Assembly of Chloroplast ATP Synthase in Thylakoids Is Impaired in bfa3
In chloroplasts, ATP synthase genes are present in two gene clusters, atpI/H/F/A and atpB/E, both of which are processed into several different transcripts (Supplemental Fig. S1, A and B; Malik Ghulam et al., 2012). One possible explanation for the reduced ATP synthase level in bfa3 is that the maturation or translation initiation of these genes is disrupted. To test this possibility, RNA gel blot and polysome association analyses were performed to investigate the expression of the chloroplast-encoded ATP synthase genes. No drastic alterations in the patterns of these genes were found in bfa3 (Supplemental Fig. S1C). Although atpH/F transcript levels were reduced to approximately one-half of wild-type levels in bfa3, their association with the polysome was unaffected (Supplemental Fig. S1E), suggesting efficient translation of atpH/F. By contrast, levels of atpB/E transcripts were significantly higher in bfa3 than in wild-type plants (Supplemental Fig. S1D). Furthermore, we did not observe drastic changes in the association of polysomes with atpB/E transcripts (Supplemental Fig. S1E), suggesting an efficient synthesis of the CF1β/ε subunits. Thus, it is likely that the drastic reduction in chloroplast ATP synthase levels in bfa3 is due to defects in posttranslational steps during its biogenesis.
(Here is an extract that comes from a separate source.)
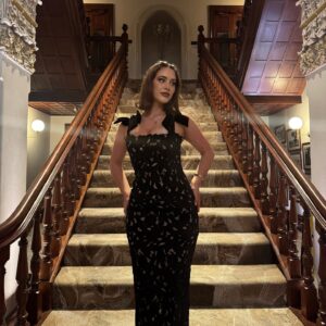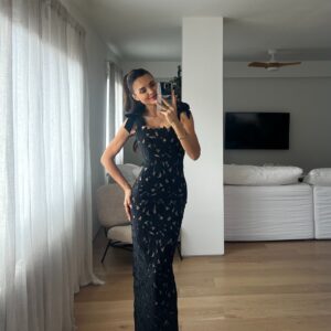 This black one piece is stunning! The 3D flowers add such a luxurious touch. I wore it at...

We investigated the rates of de novo chloroplast protein biosynthesis in bfa3 via in vivo pulse labeling experiments. After incubation with cycloheximide, which inhibits the translation of nucleus-encoded proteins, seedling leaves were labeled with [35S]-Met for 20 min. Thylakoid protein was then isolated and newly synthesized plastid-encoded proteins were visualized by autoradiography (Fig. 4A). In the two bfa3 mutants, the rates of biosynthesis of the CF1α and CF1β subunits of ATP synthase, as well as the subunits of PSI (PsaA/B) and PSII (CP47, CP43 and D1/D2), were almost identical to those in the wild type (Fig. 4A). After 20 min of pulse labeling, the newly synthesized proteins were further chased for various periods of time with cold Met (Fig. 4B). In the wild type, the levels of newly synthesized ATP synthase CF1α/β subunits were unaltered during the 2-h chase. However, the turnover rates of ATP synthase CF1α/β subunits were significantly higher in the bfa3 mutants than in the wild type (Fig. 4B), indicating that the newly synthesized CF1α/β subunits were unstable in bfa3, although they could be synthesized at normal rates as in the wild type (Fig. 4A).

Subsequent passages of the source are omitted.